Dos días después de que se desatara la mayor crisis en dos décadas en el Real Madrid tras conocerse la pelea entre Valverde y Tchouameni, la primera y única persona de la entidad que se puso delante de un micrófono para dar explicaciones de lo sucedido fue su entrenador, Álvaro Arbeloa, que no parece probable que vaya a seguir la próxima temporada. Y él, que siempre ha alimentado su perfil e imagen de hombre de club, lanzó este sábado un discurso de filas prietas hacia dentro. Defendió a Valverde y Tchouameni, la salud del vestuario, la reacción del club y hasta la figura del presidente.
“Estoy muy orgulloso de la contundencia, rapidez y transparencia del Madrid”, se arrancó el técnico en una primera respuesta muy larga y estudiada. “Los jugadores han reconocido su error, se han arrepentido, han asumido las consecuencias y han pedido perdón a la afición, al club y al vestuario. Con eso me sirve. Lo que no haré es quemarlos en una hoguera pública. No se lo merecen, por lo que han hecho durante tantos años, lo que me han demostrado en estos cuatro meses, por su esfuerzo y compromiso con esta camiseta”, proclamó Arbeloa, que no dudó en apelar al mito de Juan Gómez, Juanito, para justificar al uruguayo (con el que ya lo había comparado en el pasado) y al francés.
“Para mí es el paradigma de lo que debe ser un jugador del Real Madrid. ¿No se equivocó nunca? Los madridistas estamos muy orgullosos, es al único al que cantamos cada partido, se dejó el alma por el escudo, lo defendió siempre. ¿No me voy a equivocar yo? Y jamás me pondría a su altura. Lo sentimos como uno de los nuestros, que se equivocó, como cualquier persona. Valverde y Tchouameni representan muy bien el Real Madrid, se merecen que pasemos página, que les demos una oportunidad. Estoy muy orgulloso de ellos”, abundó Arbeloa en un intento desesperado por cerrar el asunto en medio de una tormenta histórica en Valdebebas.

No pareció casual la alusión a Juanito, que en 1987 pisó la cabeza de Lothar Matthäus en el Olímpico de Múnich durante un encuentro contra el Bayern. Sin embargo, ese suceso con el jugador blanco, fallecido en un accidente de tráfico en 1992, ofrece dos diferencias con lo ocurrido ahora: pidió perdón al instante, sobre el césped y, sobre todo, aquello significó el final a su carrera en el Madrid.

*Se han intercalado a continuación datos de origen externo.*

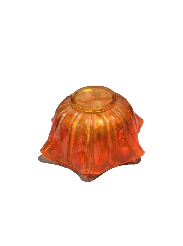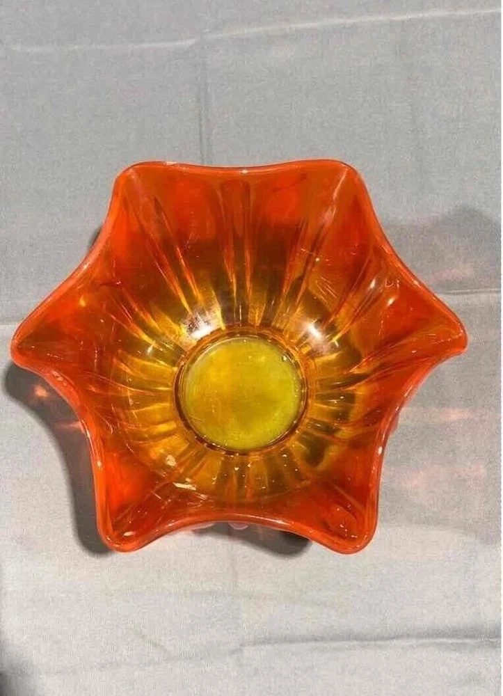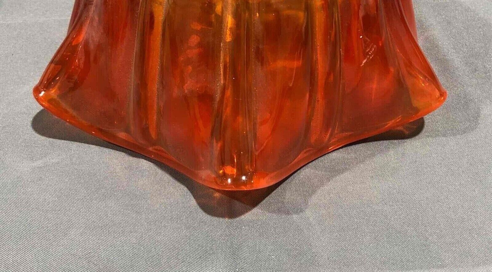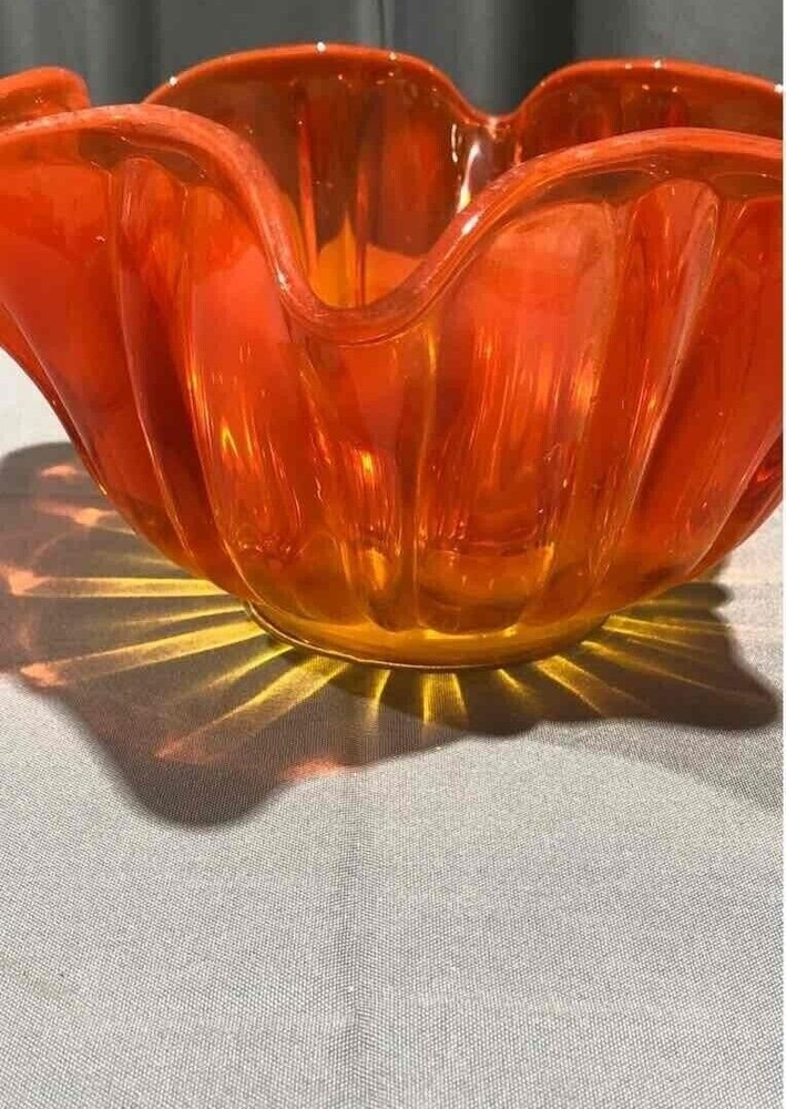 This beautiful mid-century modern art glass bowl features a stunning amberina orange color and a unique ruffled edge design. Crafted from high-quality glass, this bowl is both stylish and durable. With a classic mid-century modern style, this bowl is perfect for adding a touch of vintage charm to any decor. Whether you're using it as a decorative piece or as a functional serving bowl, this amberina orange bowl is sure to impress. About 5.5 inches tall by 11 inches wide
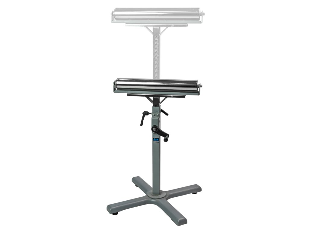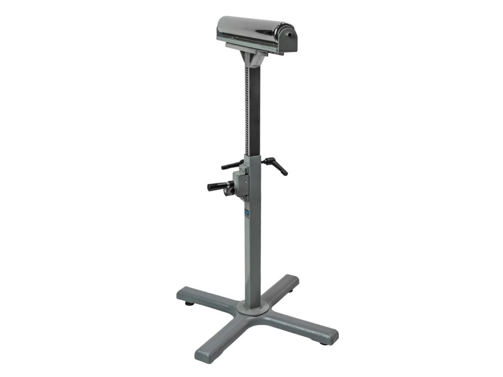 IGM Válečkový podpěrný stojan s rolnou se odlišuje od ostatních a to tím, že výšku rolny nastavujete pohodlně pomocí kliky. Tento zvedací systém funguje pomocí ozubeného kola a pastorku, který umožňuje snadné a přesné nastavení výšky. Stojan je ideální při srovnávání a tloušťkováni desek, a to díky rychlé a snadné změně výšky stojanu po přenastavení stroje. Podpěrný stojan je možné využít při broušení válcovou bruskou a u podobných strojů, kde je třeba podepřít materiál po vyjetí ze stroje. Dvě pojistné páky výsuvného ramene zabraňují sesunutí rolny z nastavené výšky. Rolna má průměr 55 mm, délku 400 mm a je osazena kuličkovými ložisky pro plynulé otáčení. Čtyřramenný litinový podstavec má plastové a výškově nastavitelné nožky, které umožňují přizpůsobení na nerovné podlaze. Výšku rolny můžete libovolně nastavit v rozmezí 660 mm až 1060 mm.

“Es una traición al escudo”
Lo único que no perdonó Arbeloa, en línea con el club, fue la filtración. “Es lo que más me duele. Lo que pasa en el vestuario debería quedarse ahí. Filtrar es una traición al Real Madrid, una deslealtad al escudo”, aseguró. ¿Y sabe de dónde vienen los chivatazos?, le preguntaron. “No trabajo en la CIA ni en nada por el estilo. No estoy acusando a los jugadores ni a nadie, porque no puedo. Hay mucha gente alrededor del primer equipo”, precisó durante su comparecencia, de casi 24 minutos, en la que afirmó que tiene un “vestuario sano y preparado para volver a ganar”. “Pueden estar tranquilos”, abundó. El técnico admitió, eso sí, que es más joven que en su época como jugador blanco y que “estas experiencias les harán crecer”.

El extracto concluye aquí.